Every year, I hear this question raised from parishioners and colleagues alike. Christmas seems to start earlier and earlier each year. This year, I was shocked to see Christmas trees for sale the day after Halloween. In a world where we hear Christmas music in November (or earlier!), why can’t the Church follow suit?
One could argue that the liturgical calendar requires holding off on Christmas music until the season of Advent concludes on Christmas Eve. However, I am well aware that many worshipers want the opportunity to sing Christmas carols throughout December.
Part of the problem is how the Church calendar is constructed. The Christmas season is short–only 12 days–and this year, only one of those 12 days is a Sunday (December 31). When the New Year rolls around, we breeze through Epiphany (January 6), and Sunday, January 7, is already the Baptism of Christ. No more Christmas music!

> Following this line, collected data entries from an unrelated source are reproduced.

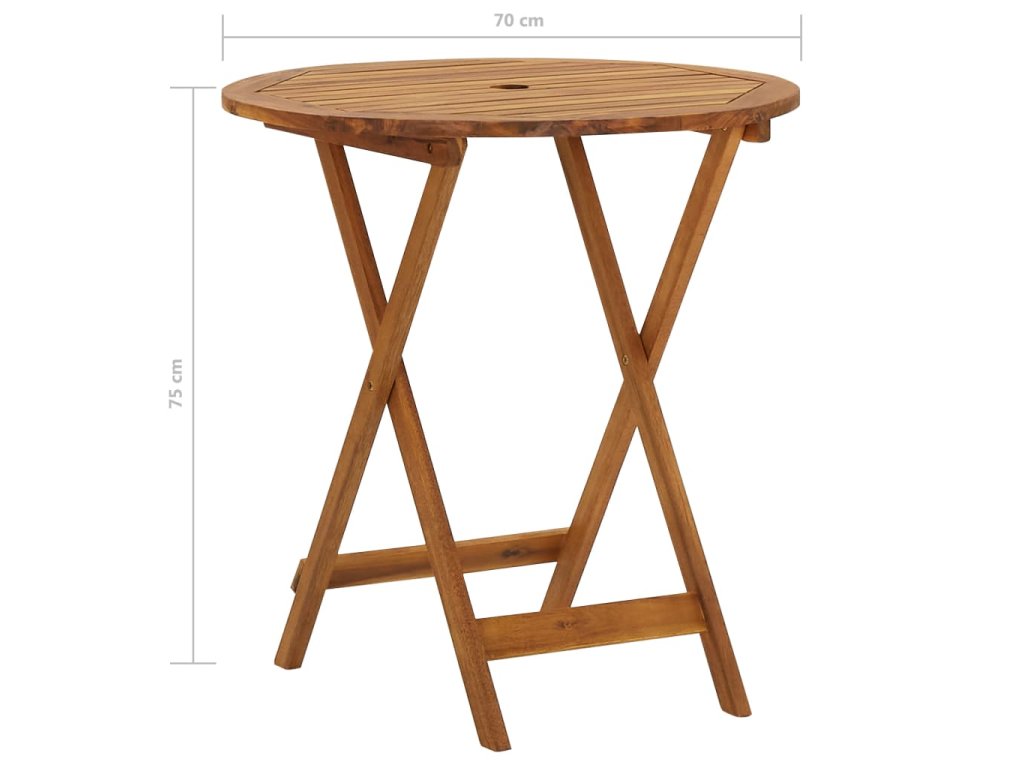 Táto jedálenská súprava je vyrobená z masívneho akáciového dreva, vďaka čomu je pevná a stabilná. Povrch upravený olejovým náterom sa ľahko čistí vlhkou handričkou. Okrem toho má táto stolová doska v strede dieru na slnečník. Jedálenský stôl a stoličky je možné sklopiť, aby ste ušetrili miesto, keď sa práve nepoužívajú.
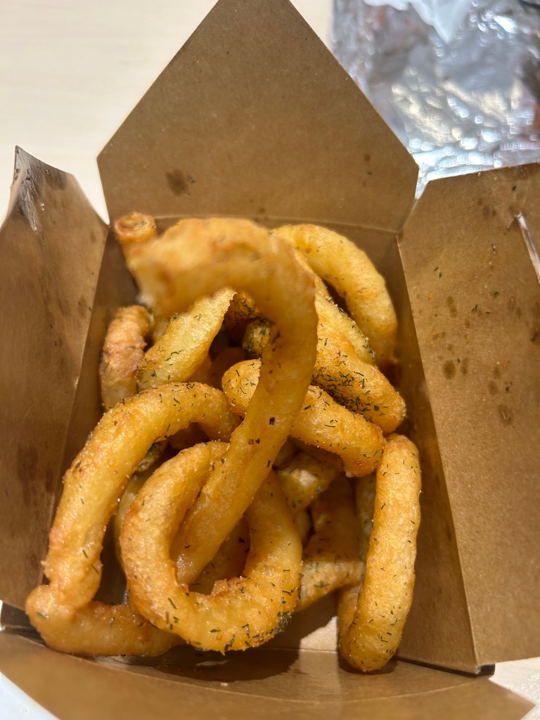 Most of us ordered the signature burger, The Flipp’n ($15.75). I opted for Onions Rings ($5.95) with garlic aioli. The batter on the onion rings was crisp and puffy. Since we ordered delivery, the onion rings were cold and a tad greasy. I preferred Sharon’s deep-fried pickles. The thin coating was still crispy, while the pickle was still warm and juicy. The garlic sauce was pungent, with more minced garlic than aioli. The flipp’n sauce was creamier with a strong smoky flavour. Next time, I’d order something simpler, like ranch.
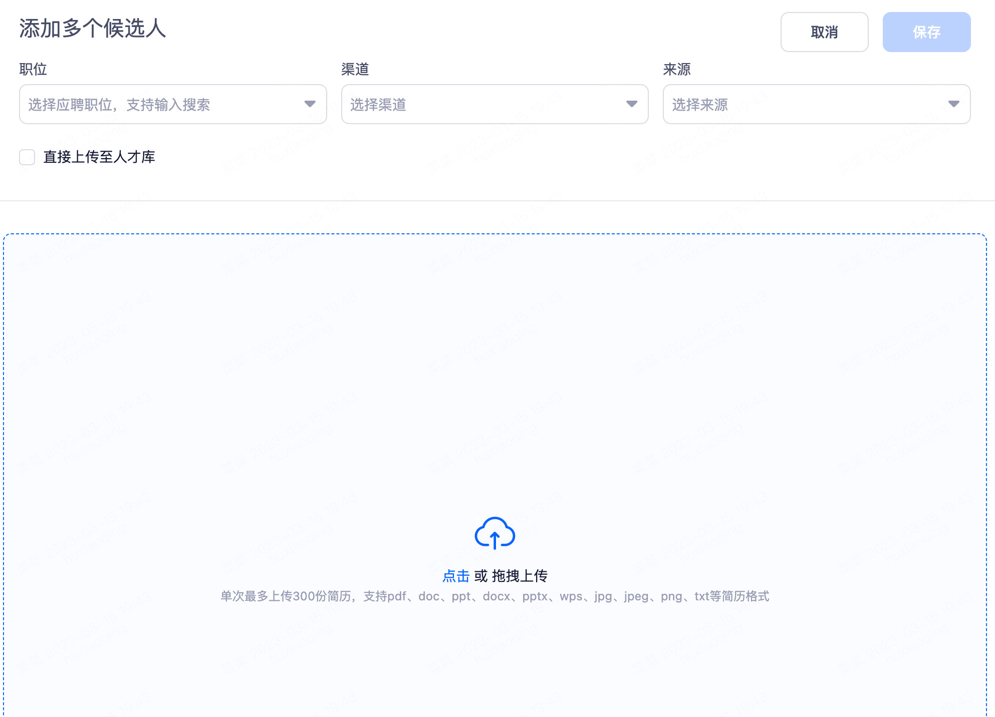如选择添加多位候选人,也可以直接把简历拖拉至空白区域,需要注意单次上限300份简历
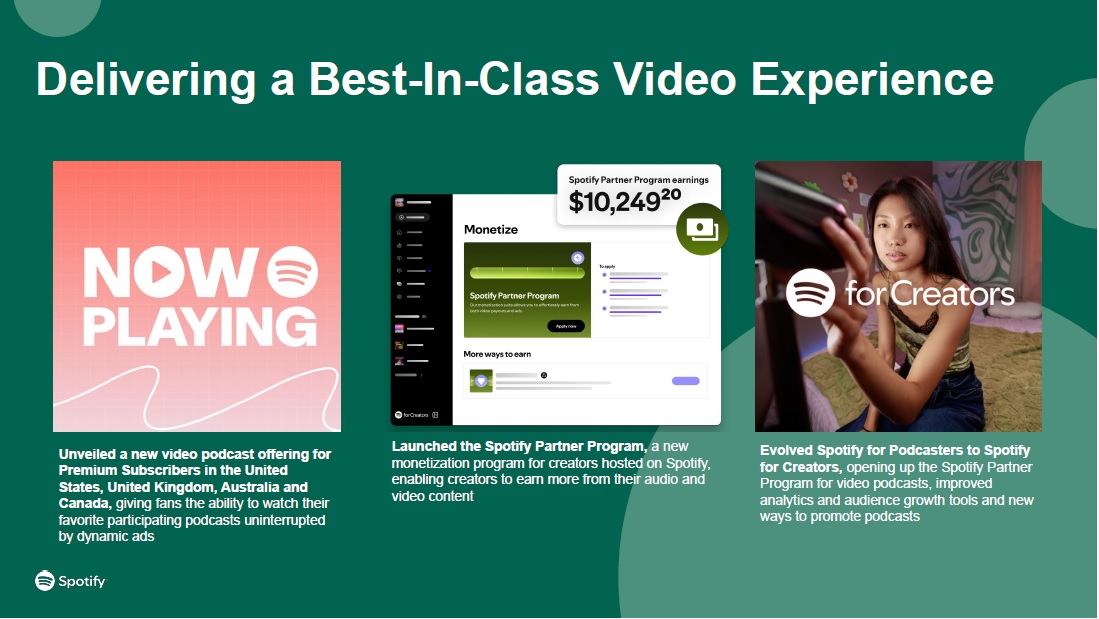 Delivering a Best-In-Class Video Experience  Unveiled a new video podcast offering for Premium Subscribers in the United States, United Kingdom, Australia and Canada, giving fans the ability to watch their favorite participating podcasts uninterrupted by dynamic ads  Evolved Spotify for Podcasters to Spotify for Creators, opening up the Spotify Partner Program for video podcasts, improved analytics and audience growth tools and new ways to promote podcasts  Launched the Spotify Partner Program, a new monetization program for creators hosted on Spotify, enabling creators to earn more from their audio and video content
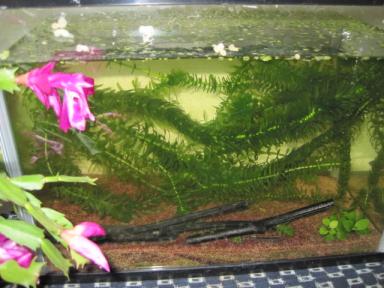 エビ水槽。メダカと子フナも入ってますメダカはちいさいの5匹。ヌマエビ10匹程度。仔ブナ2匹(ほとんど冬眠中)
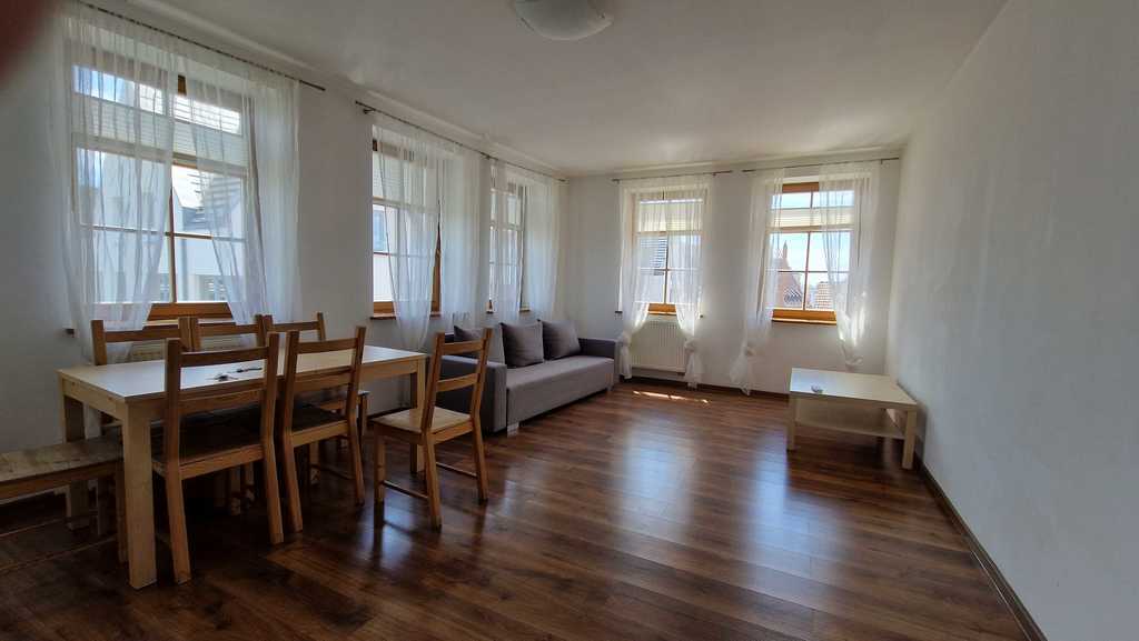 Podzamcze, a 4-room apartment with a total area of 137 m2, located on the third floor of a tenement house from 2012. The apartment consists of three levels. First level: living room, separate kitchen, bathroom with bathtub. Second level: two bedrooms, bathroom with shower. Third level: bedroom (space with slants). Heating and hot water from the municipal network (SEC). Air conditioning on all levels. The rental price is PLN 500, plus meter charges (electricity, hot and cold water) and administrative rent PLN 400. Deposit required. An apartment with a view of the old town and the Odra boulevards.

So is it wrong to sing about Christ’s birth before Christmas? Not necessarily. But in doing so, we miss the meaning of Advent. Advent is a season of preparation, of watching, of waiting, and of longing. For Episcopalians, we are lucky that we have a wealth of good Advent hymns. Hymns such as “Come, O Long Expected Jesus” and “O Come, O Come, Emmanuel” express the Advent themes well. So this December, I invite you to watch, to wait, and to fully embrace Advent and the music of this season. In doing so, the Christmas season is made even more special.